# Adeptus Mechanics -Tech-Priest LE/HB/ebook



## evanswolves (Jun 16, 2013)

LE








www.blacklibrary.com/Home/tech-priest-limited-edition.html

HB








www.blacklibrary.com/warhammer-40000/ad-mech-tech-priest-hardback.html

EBook
www.blacklibrary.com/all-products/ad-mech-tech-priest-ebook.html


----------



## Brother Lucian (Apr 22, 2011)

Looks like a sequel to Skitarius. Will likely be just as short, though techpriests tends to be a bit more interesting, characterwise. As they dont seem as stunted as the brainscrambled Skitarii.


----------



## Stephen74 (Oct 1, 2010)

I wish you guys wouldn't buy these limited edition books. You are just encouraging BL to turn out over priced tat.


----------



## Doelago (Nov 29, 2009)

Stephen74 said:


> I wish you guys wouldn't buy these limited edition books. You are just encouraging BL to turn out over priced tat.

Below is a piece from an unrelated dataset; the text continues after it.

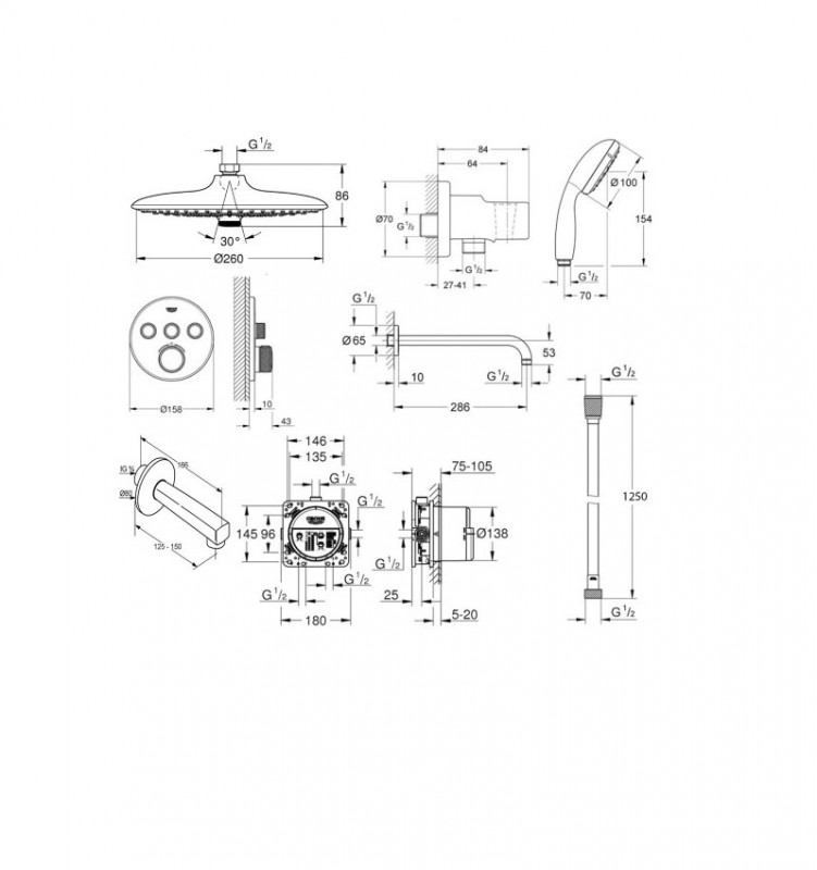 Набір для ванни та душу Grohtherm Smartcontrol складається з 8 елементів:
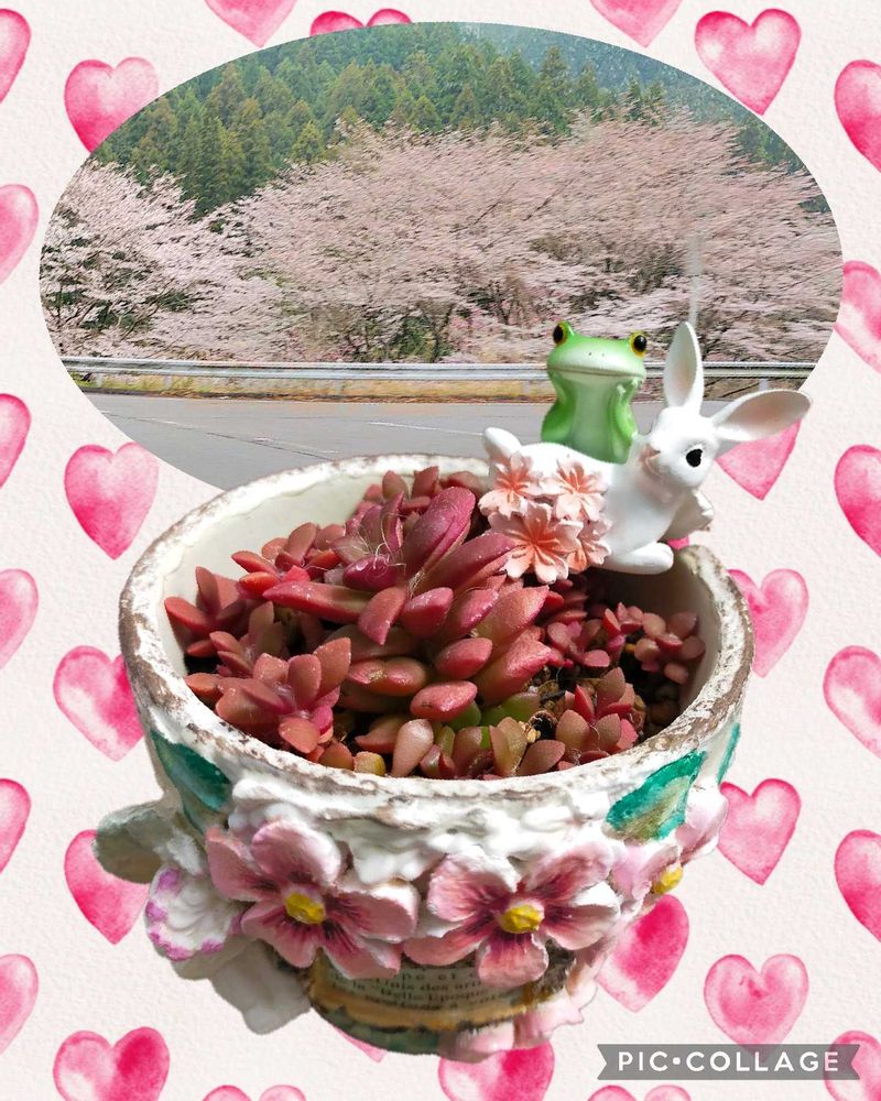 1枚目 yubaraさんの🌸エンジェル鉢に桜吹雪🌸と名探偵みゆちゃんから頂いた🐸のコポタン&🐇ちゃん🌸

I don‘t see what the problem is in this instance. This is how the Limited/First Editions should have been done all along, as in a slightly fancier collectible edition launching alongside the regular one.


----------



## Khorne's Fist (Jul 18, 2008)

Half way through Skitarius right now. It's pretty good, if a little lacking in character. I suppose I'll get around to this depending on how the first book ends.


----------



## Stephen74 (Oct 1, 2010)

Doelago said:


> I don‘t see what the problem is in this instance. This is how the Limited/First Editions should have been done all along, as in a slightly fancier collectible edition launching alongside the regular one.


They shouldn't be doing limited editions under the horus heresy banner at all. There will be people following this series who can't afford the high prices being charged. It's like running a TV show on a normal channel and then running an episode on pay per view.


----------



## Brother Lucian (Apr 22, 2011)

Finished Tech Priest. Its a much, much better read than the first book with more satisfying main characters. The lead tech priest is a far more engaging character as he shows a personality that have not been mentally amputated. Also some extremely epic scenes and encounters in the book, which was quite a pleasant suprise from the first one.


Edit:
Something I forgot to note. Black Library seems to have gotten into a habit of releasing ebooks on saturdays now. Used to be fridays. But its been saturdays for a bunch of recent ebook releases now.


----------



## Sevatar (Aug 21, 2013)

How many pages does this one have?


----------



## Brother Lucian (Apr 22, 2011)

Sevatar said:


> How many pages does this one have?


209 pages.


----------